La evidencia clínica actual en perros no demuestra que ninguna de estas modalidades regenere el cartílago. Las mejoras en el dolor, la marcha, la función o el uso de medicamentos no deben interpretarse como una reparación estructural de la articulación, salvo que las pruebas de imagen o los análisis de tejido lo demuestren directamente.
¿Puedo usar PEMF sobre un implante ortopédico metálico?
No des por hecho ni que es seguro ni que es peligroso. Los sistemas PEMF varían, y algunos estudios excluyen a perros con implantes metálicos o dispositivos electrónicos implantados. Antes de usarlo, pide al cirujano y al fabricante del dispositivo que revisen el implante y el sistema exactos.
¿Qué debería controlar durante una prueba de tratamiento?
Controla cómo se levanta después de descansar, cómo usa las escaleras, cuánto dura el paseo, a qué ritmo camina, si resbala, si juega, cómo duerme, su apetito, el uso de medicamentos y su recuperación después de la actividad. Los vídeos cortos grabados en condiciones similares pueden ser útiles. Utiliza las mismas medidas cada semana para que las variaciones normales del día a día no condicionen la decisión.
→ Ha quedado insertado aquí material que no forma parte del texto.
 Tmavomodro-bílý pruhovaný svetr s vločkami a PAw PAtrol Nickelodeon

Lista de comprobación para tomar la decisión final
Elige según lo que mejor encaje con su recuperación, no según la afirmación más llamativa. Antes de decidirte por PEMF o por el láser frío, confirma todos los puntos siguientes.
PEMF suele encajar mejor como apoyo domiciliario que pueda repetirse, para el cuidado continuado de problemas de movilidad y para tratar zonas más amplias. El láser frío suele encajar mejor cuando se necesita actuar sobre un tejido localizado, durante el cuidado posoperatorio y en una rehabilitación guiada por la clínica veterinaria.
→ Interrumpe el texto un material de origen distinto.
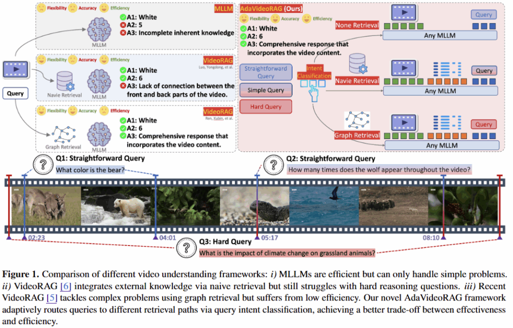 본 연구는 영상 데이터에 최적화된 RAG 기술을 개발하고자 하는 기존 연구의 문제점을 계승하나, Long video와 복잡한 질의에도 정확도 높게 동작하는 기술을 위해 비디오의 길이와 질문에 난의도에 맞도록 동작하는 적응적 RAG 기술을 제안한다.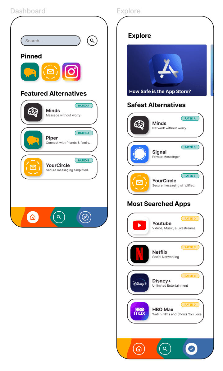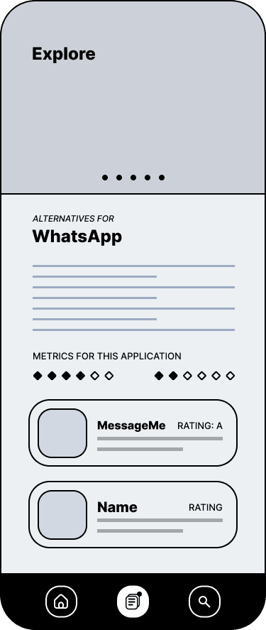 Our solution is a simple app that focuses on educating consumers about how certain applications manage their data through digital education and recommendations. Summary terms of service, a ranking system based on ethical objectives, user and official reviews, recommendations for related programs, and more will be available.

Es una orientación práctica, no una regla universal. La opción adecuada es la modalidad que se ajusta al diagnóstico, puede administrarse de forma segura, encaja con el calendario necesario y ofrece beneficios medibles sin desplazar otros cuidados más importantes.
Utiliza esta lista en tu próxima consulta veterinaria o de rehabilitación. Pide una prueba con objetivos definidos, registra cómo funciona tu perro y valora el plan según una recuperación significativa, no según expresiones como «curación celular».